Mahwah, N.J. - D&M Holdings has reorganized its global operations to move marketing and product-development decisions closer to local markets, bring retailers more aggressively into the product-planning process, and stimulate technology collaboration among its consumer and professional audio brands and OEM speaker business, chairman and CEO Jim Caudill said.
Other changes will improve supply-chain management, bring efficiencies to procurement, and move the company into new audio-related product categories -- including a more aggressive headphone lineup -- while maintaining the premium positions of the Denon, Marantz and Boston Acoustics brands, he said.
The changes will "re-energize the company for growth" in its "relatively mature" product categories, said Caudill, who came to D&M only a year ago from Stanley Black & Decker.
During a presentation to the trade press at the company's headquarters here, Caudill said he has also reorganized the company's eight business units into three divisions -- consumer, professional and OEM speakers, mainly automotive OEM speakers.

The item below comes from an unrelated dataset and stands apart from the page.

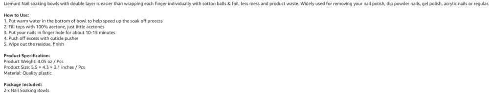 EASY TO USE: You can pour the nail polish remover into the nail soaking bowls, separate fingers gently in a bowl and soak in nail polish remover, fingers are placed vertically so that fingers can be soaked with less nail polish remover.

Each division now has its own global president to provide dedicated leadership resources to those businesses, he said. Previously the eight business units reported to Caudill.
The consumer division president is Tim Bailey, who took the reins six months ago and whose business experience also includes time at Stanley Black & Decker. His division includes Denon, Marantz, Boston Acoustics and McIntosh, while the pro division consists of D&M Professional, Allen and Heath, and Calrec.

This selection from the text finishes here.